If $f$,$g$ are entire functions such that and $g′(z)=f(g(z))$ everywhere, then show that $f$ is linear or $g$ is constant.
This claim was mentioned without proof in this related question (Applications of the Little and Great Theorems of Picard). I am unable to prove this.
One way might be to show that $f$ is injective by using Picard's Little Theorem - but I have no idea how to proceed.
Assume that there is such a solution with $g(a)=g(b)$. Then $h(z)=g(z-a+b)$ is such that $h(a)=g(a)$ and $h’=f(h), g’=f(g)$, thus $h=g$ so $g$ is $b-a$-periodic.
In particular, we can assume that $g$ is linear or that its set of periods is $2i\pi\mathbb{Z}$. In the first case, $f$ is constant (unless $g$ is).

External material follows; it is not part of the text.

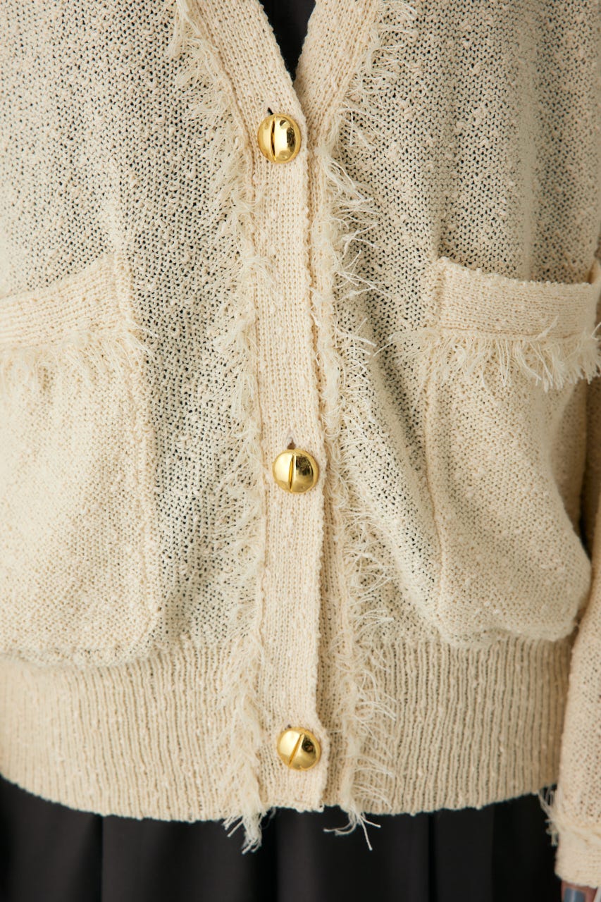 前立てや袖口、ポケット口にはフリンジをあしらって、ツイードジャケットライクに。

In the second case, $g(z)=h(e^z)$, and $h$ is injective. But $h$ has singularities at $0$ and $\infty$, thus $h$ is meromorphic on $\mathbb{CP}^1$ (by eg Casorati-Weierstrass, or Picard’s theorem) and injective on that projective line minus two points, so it is a rational fraction of degree $1$ defined on $\mathbb{C}^{\times}$, so that $g(z)=C+De^{\pm z}$, and $g’(z)=\pm D e^{\pm z}$, so that $f(t)=\pm (t-C)$ is linear.